The researchers determined the frog is an entirely new species. The unnamed frog joins a crowd of more than a dozen distinct leopard frog species.
The newly identified wetland species likely once lived on Manhattan. It's now only known from a few nearby locations: Yankee Stadium in the Bronx is the center of its current range.

Lead paper author Cathy Newman, now of Louisiana State University, was working with Leslie Rissler, a biologist at the University of Alabama, on an unrelated study of the southern leopard frog species when she first contacted scientist Jeremy Feinberg at Rutgers University in New Jersey.

Feinberg asked if she could help him investigate some "unusual frogs" whose weird-sounding calls were different from those of other leopard frogs.
"There are northern and southern leopard frogs in that general area, so I was expecting to find one of those that for some reason had atypical behaviors or that were hybrids of both," Newman said.

"I was really surprised and excited once I started getting data back strongly suggesting it was a new species.

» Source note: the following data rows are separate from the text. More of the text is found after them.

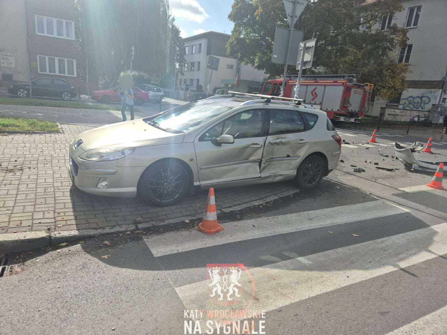 Zderzenie dwóch samochodów osobowych we Wrocławiu.
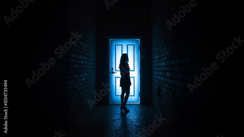 A black shadow of a woman stands in the middle of a narrow room, behind which is a door that shines blue
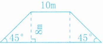 因为该梯形两底角都是$45^{\circ}$,从梯形上底两端向下底作高,会得到两个等腰直角三角形,所以梯形的高$h = 8m$,上底$a = 10m$,下底$b=10 + 8×2=26m$(两个等腰直角三角形斜边为$8m$,水平边长也为$8m$),则$S=(10+26)×8÷2=144m^{2}$。
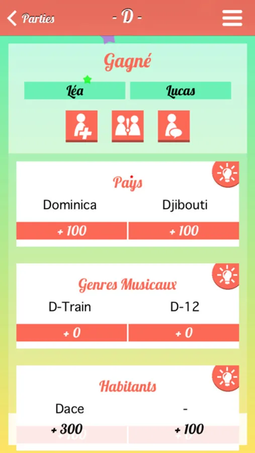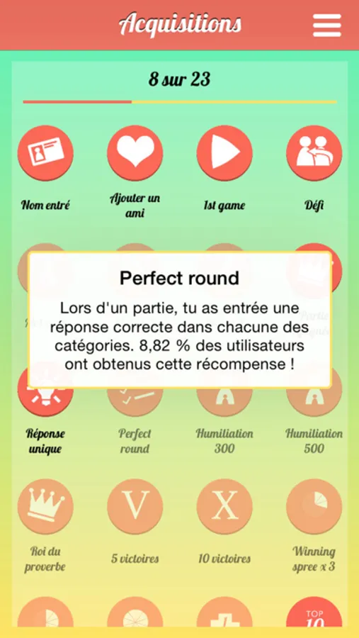 - Des récompenses, telles que "Perfect round" ou "Réponse unique"
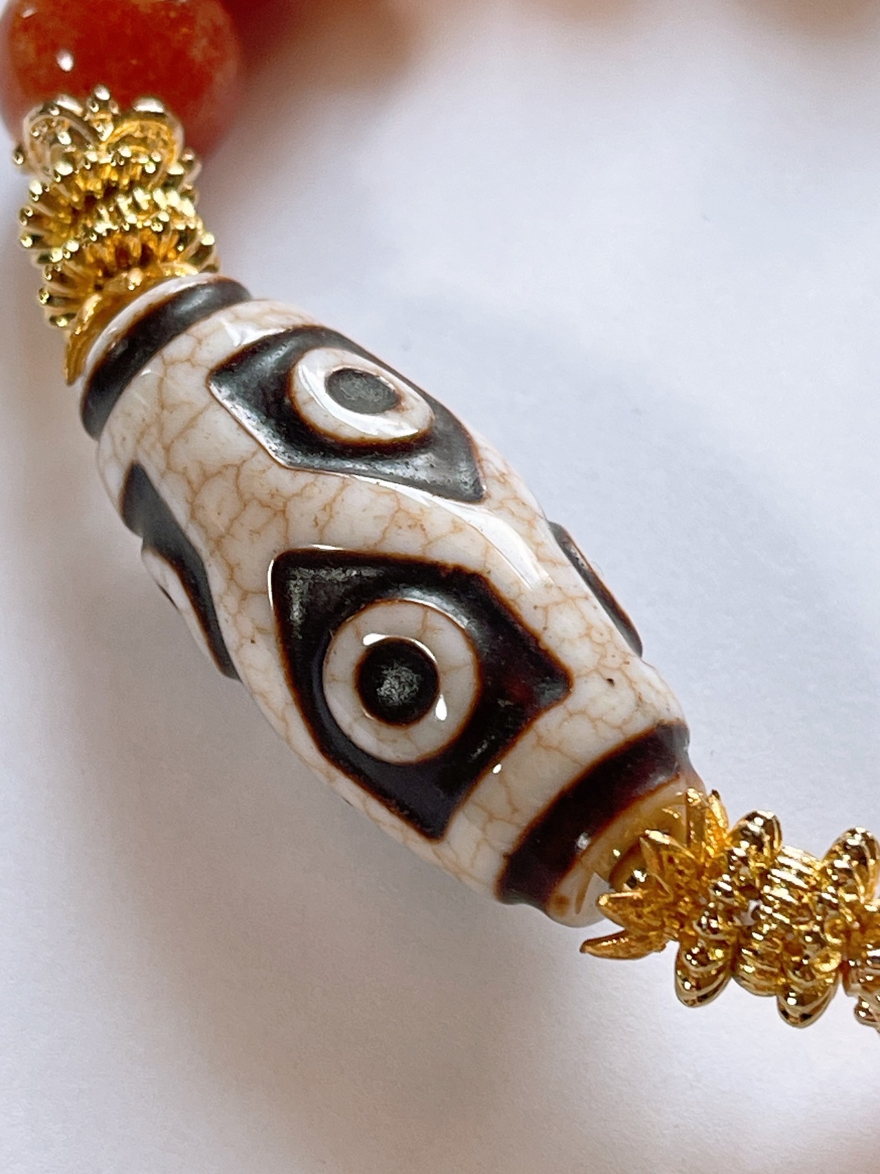 【火供龍紋天珠の 亀甲六眼天珠】を
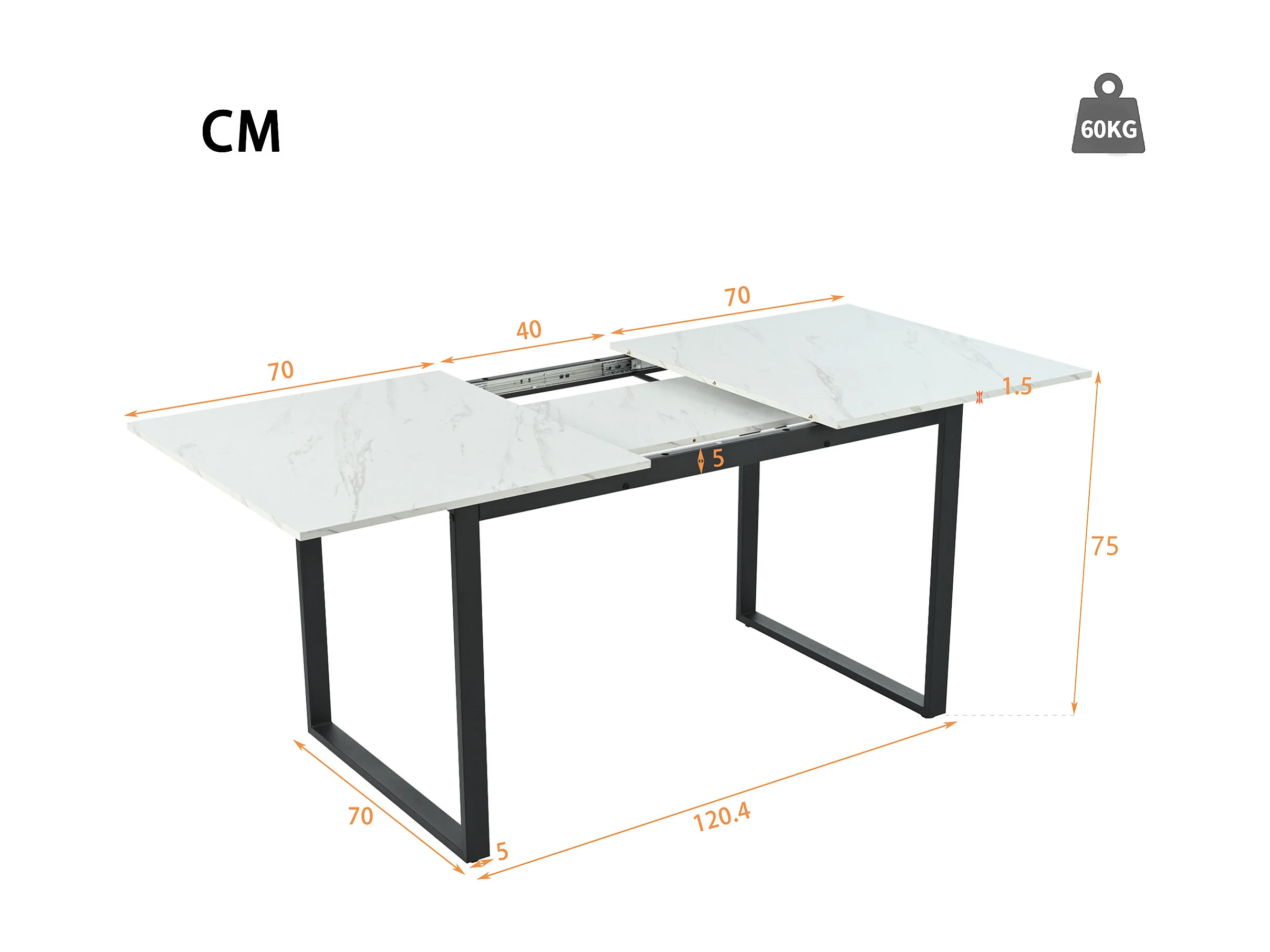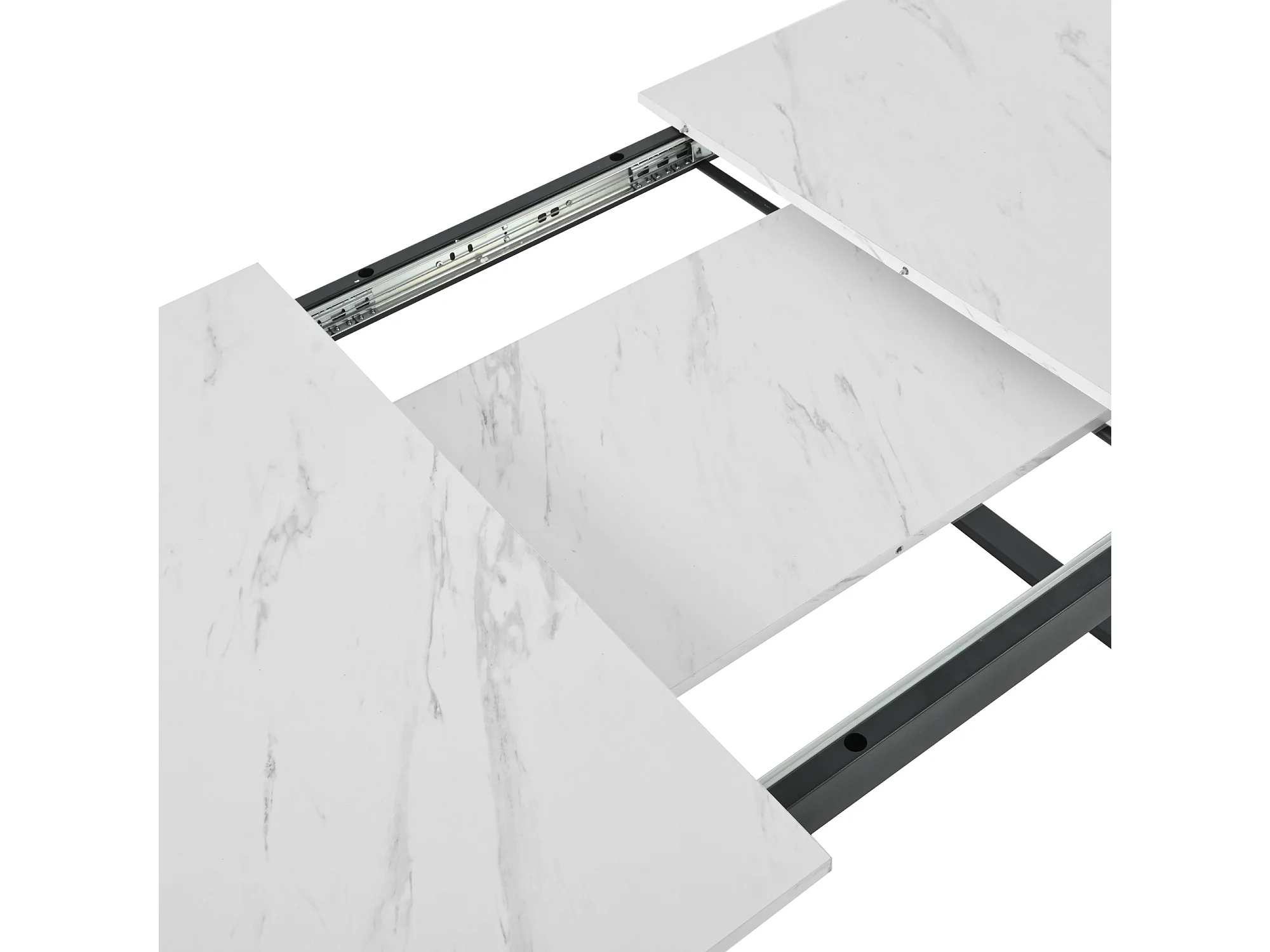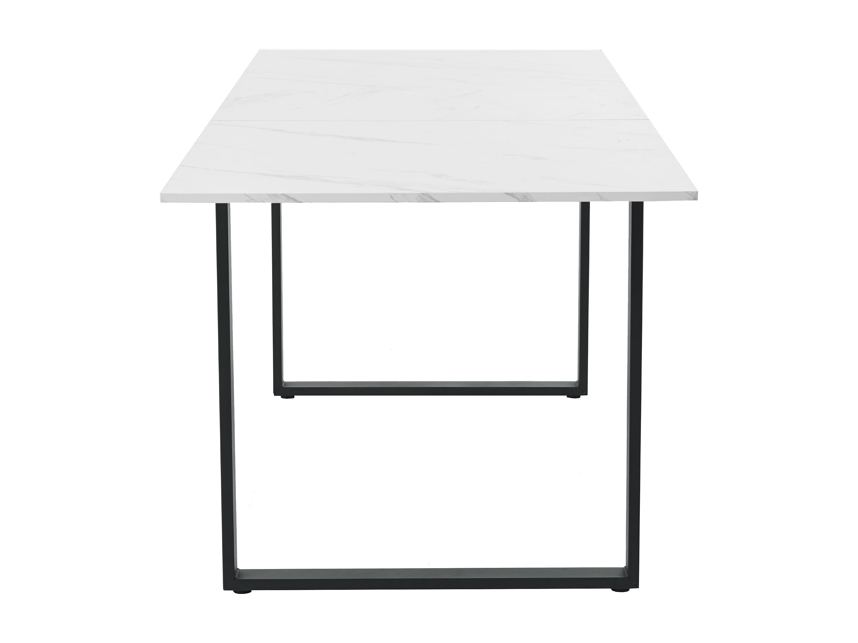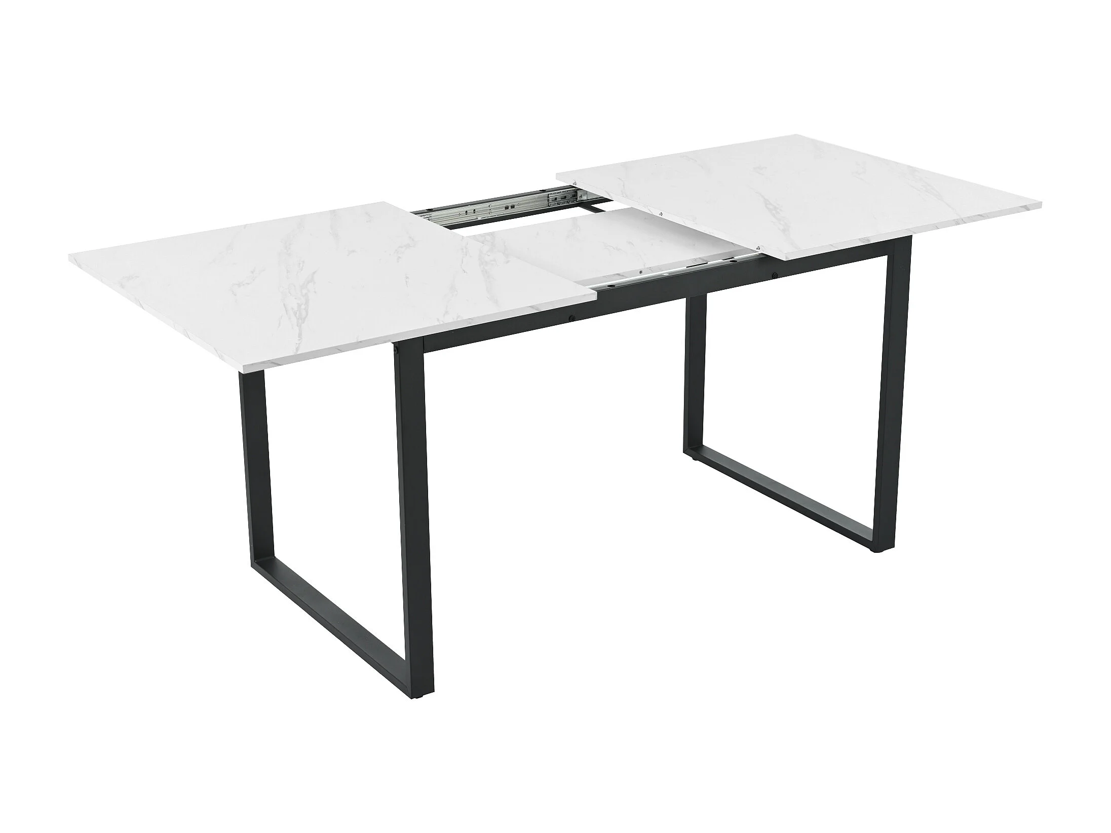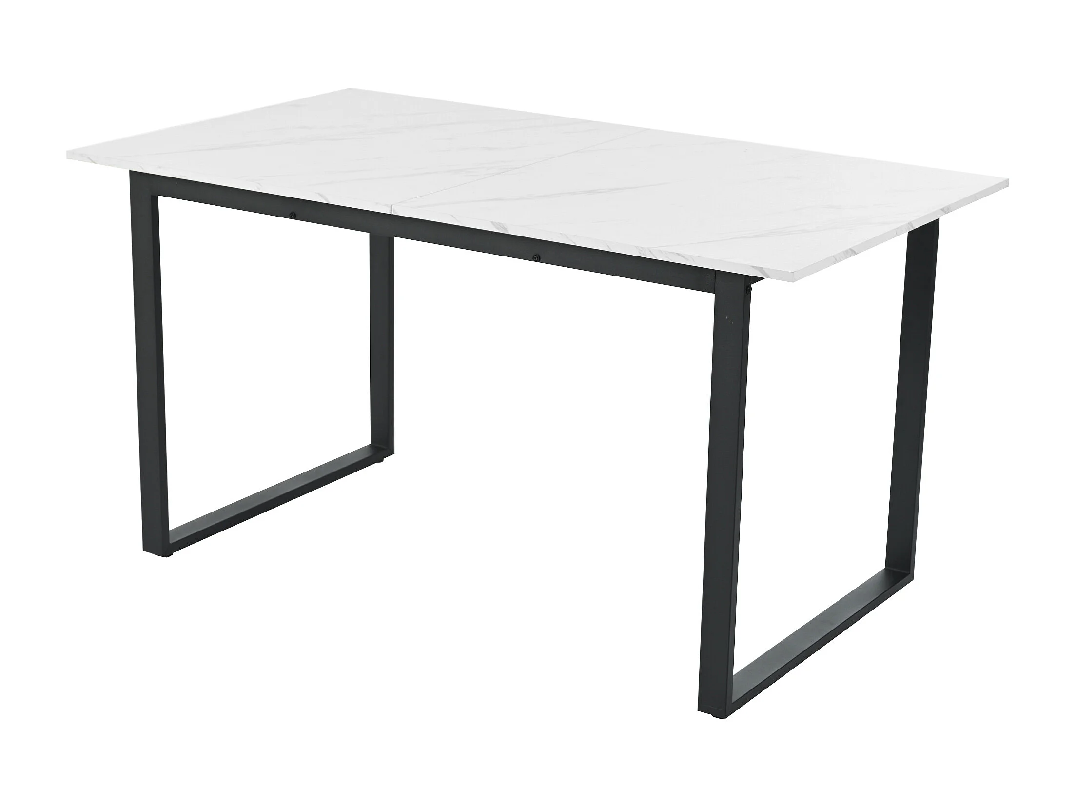 Table à manger extensible 140/180x80 - Pieds en métal et tubes carrés - Effet marbre blanche

It's fascinating in such a heavily urbanized area."
Feinberg suspected that the leopard-frog look-alike with the peculiar croak was a new creature hiding in plain sight.

Instead of the "long snore" or "rapid chuckle" he heard from other leopard frogs, this frog had a short, repetitive croak.

As far back as the late 1800s, scientists have speculated about these "odd" frogs.
"When I first heard these frogs calling, it was so different, I knew something was very off," Feinberg said.

"It's what we call a cryptic species: one species hidden within another because we can't tell them apart on sight. Thanks to molecular genetics, people are picking out species that would otherwise be ignored."
The results were clear-cut: the DNA was distinct, no matter how much the frogs looked alike.

"If I had one of these three leopard frogs in my hand, unless I knew what area it was from, I wouldn't know which one I was holding because they all look so similar," Newman said. "But our results showed that this lineage is very clearly genetically distinct."
Mitochondrial DNA represents only a fraction of the amphibian's total DNA, so Newman knew she needed to do broader nuclear DNA tests to see the whole picture and confirm the frog as a new species. She performed the work at UC Davis.

Habitat destruction, disease, invasive species, pesticides and parasites have all taken a heavy toll on frogs and other amphibians worldwide, said Rissler, currently on leave from the University of Alabama and a program director in NSF's Division of Environmental Biology.

Amphibians, she said, are great indicators of problems in our environment--problems that could potentially impact our health.

"They are a good model to examine environmental threats or degradation because part of their life history is spent in the water and part on land," Rissler said. "They're subject to all the problems that happen to these environments."
The findings show that even in densely-populated, well-studied areas, there are still new discoveries to be made, said Shaffer.  And that the newly identified frogs appear to have a startlingly limited range.

"One of the real mantras of conservation biology is that you cannot protect what you don't recognize," Shaffer said. "If you don't know that two species are different, you can't know whether either needs protection."

The newly identified frogs have so far been found in scattered populations in northern New Jersey, southeastern mainland New York and on Staten Island.
Although they may extend into parts of Connecticut and northeastern Pennsylvania, evidence suggests they were once common on Long Island and other nearby regions.
They went extinct there in just the last few decades. "This raises conservation concerns that must be addressed," said ecologist Joanna Burger of Rutgers University.
"These frogs were probably once more widely distributed," Rissler said. "They are still able to hang on. They're still here, and that's amazing."

Until scientists settle on a name for the frog, they refer to it as "Rana sp. nov.," meaning "new frog species."